Objetivos e Metodologia
Este texto vincula-se à pesquisa "Saberes tradicionais indígenas e produção de subjetividade: memórias e políticas de saúde” CAPES (Edital- Memórias: conflitos sociais). Um de seus fios de trabalho é a experiência do dispositivo grupal com gestantes, que acontece desde o início do ano de 2017, permitindo a troca de saberes, a acolhida das práticas cotidianas e a circulação das narrativas sobre gestação, parto, puerpério, cuidados com o recém-nascido, cuidado da mulher consigo mesma e as relações familiares e comunitárias neste período. Sendo possível construir conexões transversais nas quais diferentes saberes e vidas se articulam.
Resultados e Discussão
O “Grupo de Gestantes” em seu início era em forma de palestra. No decorrer dos encontros e da avaliação de seus efeitos, duas mudanças na direção se realizaram: um maior enfoque na troca de experiências entre as participantes; ampliação do convite às mulheres que já tiveram filhos e às anciãs das comunidades Tupinikim e Guarani. As mudanças reposicionam o caráter participativo do dispositivo e a afirmação dos saberes da comunidade indígena e, especialmente com a inserção das mulheres anciãs, produziram como efeitos o acesso e circulação das memórias e saberes, o investimento nas conversas e afetos. Este espaço-tempo vai se construindo em potencialização dessas mulheres e na afirmação de modos de vida e cosmologias singulares.

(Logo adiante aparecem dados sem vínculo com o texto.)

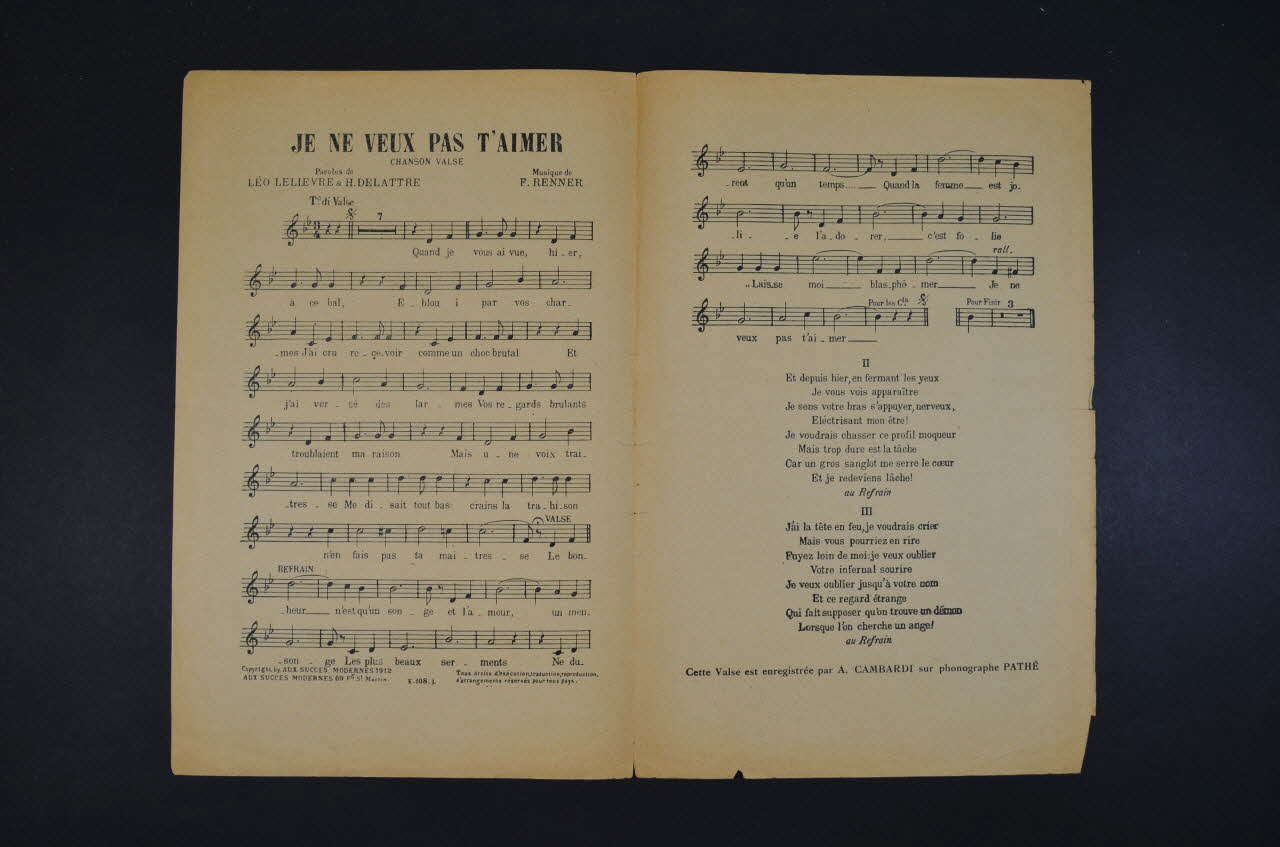 chanson, partition de musique, petit format, Je ne veux pas t'aimer

No grupo, composto também por trabalhadoras do CRASi e pesquisadoras, as participantes se sentem à vontade para partilhar experiências relacionadas à gravidez e ao parto, situações de preconceito e violência vividos nos serviços saúde, a importância dos familiares neste processo, entre outros. A presença das anciãs tece uma oportunidade de acessar práticas-saberes tradicionais valorizando e reinventando aspectos culturais, além do fortalecimento do lugar delas como guardiãs vivas da história e memória. Emerge uma dimensão formativa no grupo, produtora de uma memória coletiva em que os saberes partilhados se diversificam diante das diferentes vivências e se modulam coletivamente à medida em que os encontros acontecem.

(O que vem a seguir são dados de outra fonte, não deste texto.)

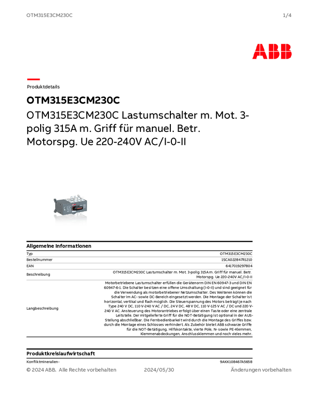 1SCA022847R1210 ABB OTM315E3CM230C Przełącznik zmiany kierunku 315 A 1000 V czarny 1 szt.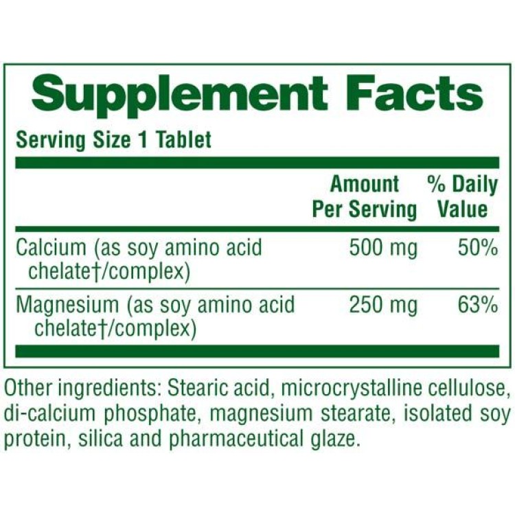 Κάθε ταμπλέτα περιέχει 500 mg ασβεστίου και 250 mg μαγνησίου. Βιοτρονική μέθοδος χηλικοποίησης για μέγιστη απορρόφηση.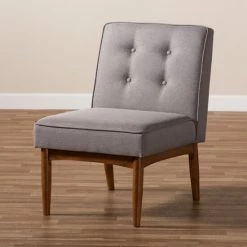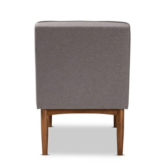 Enjoy weekend brunches and casual dinners with the Arvid dining chair. Constructed from wood in a walnut brown finish, the Arvid is upholstered in a soft, grey polyester fabric that is easy to coordinate with a wide range of color palettes. Inspired by stylish mid-century modern design, the chair showcases button tufting and tapered legs.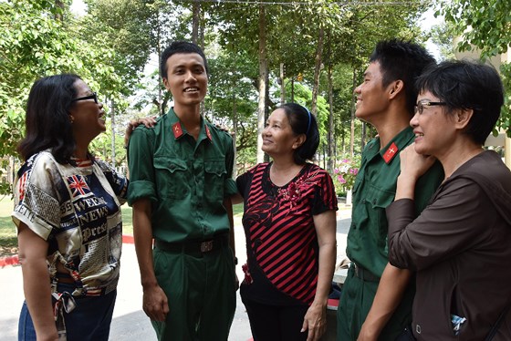 Chúng tôi ngược về Trung đoàn Gia Định (quận 12), những ngày cuối tuần, đơn vị không huấn luyện. Thời gian này, tân binh tập thể thao, nghỉ ngơi, đợi người thân tới thăm... 8 giờ 30 sáng, mẹ và và bác của tân binh Nguyễn Chí Nhân (23 tuổi, ngụ huyện Bình Chánh), chiến sĩ Đại đội Bộ binh 9, Tiểu đoàn 3 đã có mặt tại phòng chờ người thân.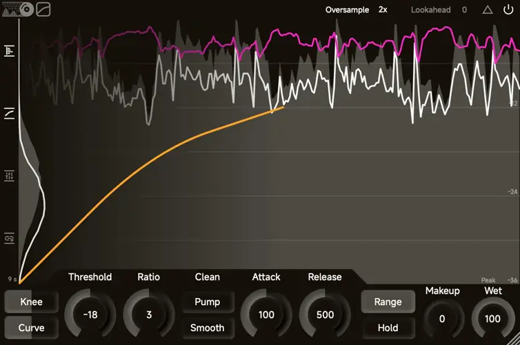 This provides lots of possibilities for sound shaping with frequency-specific compression. Make the plugin react more or less to certain parts of your sound without introducing unnecessary artifacts.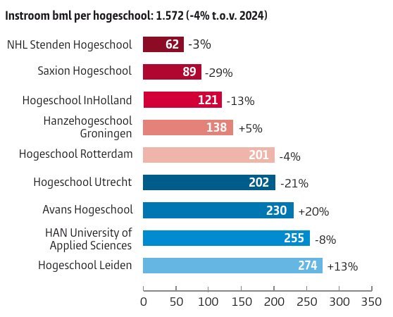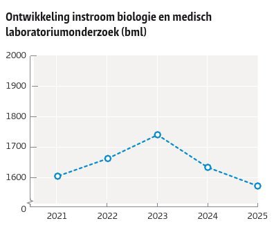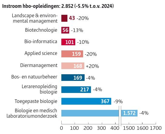 De landelijk grootste biologische hbo-opleiding bml kent regionaal een wisselend beeld, van de eerdergenoemde stijging met 20 procent bij Avans Hogeschool in Breda tot een daling met 29 procent bij Saxion Hogeschool in Enschede en Deventer. Daar stromen dit jaar tezamen 36 minder eerstejaars in dan de 125 van 2024. Teamleider bml Robert Brink van Saxion meldt ‘verrast te zijn door de grote daling’ en heeft hiervoor ‘geen duidelijke verklaring’. Ook de opleidingen biotechnologie en bio-informatie vertonen regionaal een grote variatie aan instroom. In Amsterdam (InHolland) stijgt het aantal eerstejaars biotechnolgie met 13 procent, terwijl in Leeuwarden (Van Hall Larenstein/NHL Stenden) juist 36 procent minder studenten beginnen. Bij bio-informatica scoren Hanzehogeschool Groningen (min 41 procent) en Hogeschool Arnhem Nijmegen (min 33 procent) een sterke daling, terwijl Hogeschool Leiden – na de dip van vorig jaar – weer een stijging van 21 procent doormaakt, van 52 naar 63 eerstejaars. Volgens opleidingsmanager Nicole Almering mede te danken aan de investering in voorlichting op vo- en mbo-scholen. ‘We hebben een nieuwe website met veel informatie en filmpjes van studenten, die meer wordt bezocht dan voorheen’, aldus Almering. Ook is in samenwerking geintensiveerd met mboRijnland en het Middelbaar Laboratorium Onderwijs om de ‘instroom, aansluiting en zichtbaarheid vanuit het mbo te vergroten’.

O grupo em um CRASi também não é trivial, pois força movimentos de reposicionamento dos objetivos e direções vinculados a um aparelho do Estado, solicitando cada vez mais parceria e acolhimento da experiência situada dessas comunidades, abrindo um exercício de aproximação e diálogo com diferentes gerações.
Considerações Finais
O campo do cuidado, seja na saúde ou assistência social, é atravessado hegemonicamente por uma visão advinda do modelo biomédico dos processos de saúde-doença. Com a experiência no grupo, visibilizamos outras formas de promoção de cuidado que não passam apenas pela figura do especialista e pela centralidade na experiência biológica desvinculada de uma dimensão espiritual. O cuidado então se afirma por outras vias: pela narratividade e práticas-saberes tradicionais, vinculadas à ancestralidade.

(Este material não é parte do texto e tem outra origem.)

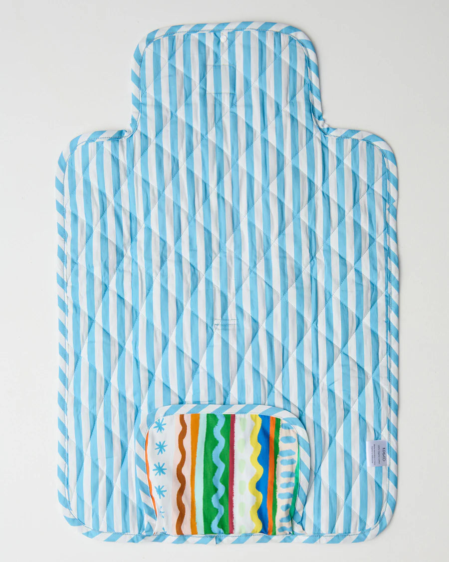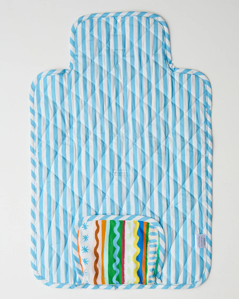 Our Beach Patterns Baby Change Mat is your on-the-go lifesaver, soft, quilted, and easy on the eyes. Made for quick changes wherever you roam, it folds up nice and neat to stash in your baby bag, pram, or car. Travel friendly and fuss-free! Made with organic cotton canvas, this mat has an outer featuring columns of lines, squiggles and star spotted patterns in a rainbow of colours, and a baby blue and white striped inner.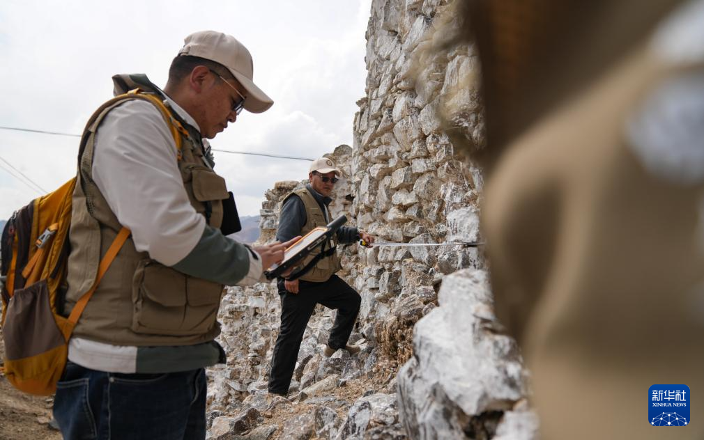 普查隊員在西藏墨竹工卡縣曲果崗塔群遺址現場開展數據采集。(2024年4月11日 攝) 新華社記者 晉美多吉 攝
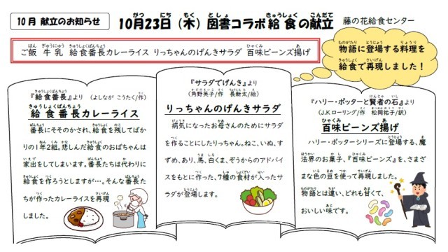 今日は図書コラボ給食です。「給食番長」、「サラダでげんき」、「ハリーポッターと賢者の石」の物語の中に登場する料理を再現しました。
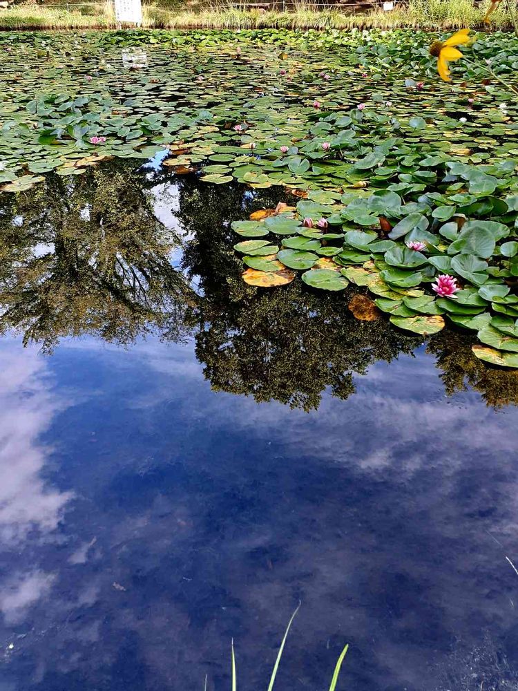 水面が鏡のように空と樹々を映し出していました。ひっくり返して見てみて下さいね😳

Dimensionamos que a narratividade é uma das ferramentas essenciais para o fortalecimento da comunidade, dessas mulheres e do corpo indígena. O grupo foi um disparador de práticas construídas diariamente, de saberes que são atualizados naquele espaço e fortaleceu um coletivo que simboliza a própria existência da comunidade, se pautando por uma via coletiva. O corpo indígena ocupa esse campo de construção coletiva, gerado na e pela comunidade. Assim, o dispositivo-grupal é um gérmen das relações estabelecidas na comunidade, apontando que o cuidado, narratividade e trocas de experiência, participam da constituição do corpo, individual e coletivo, posto que inclui a terra e os outros seres.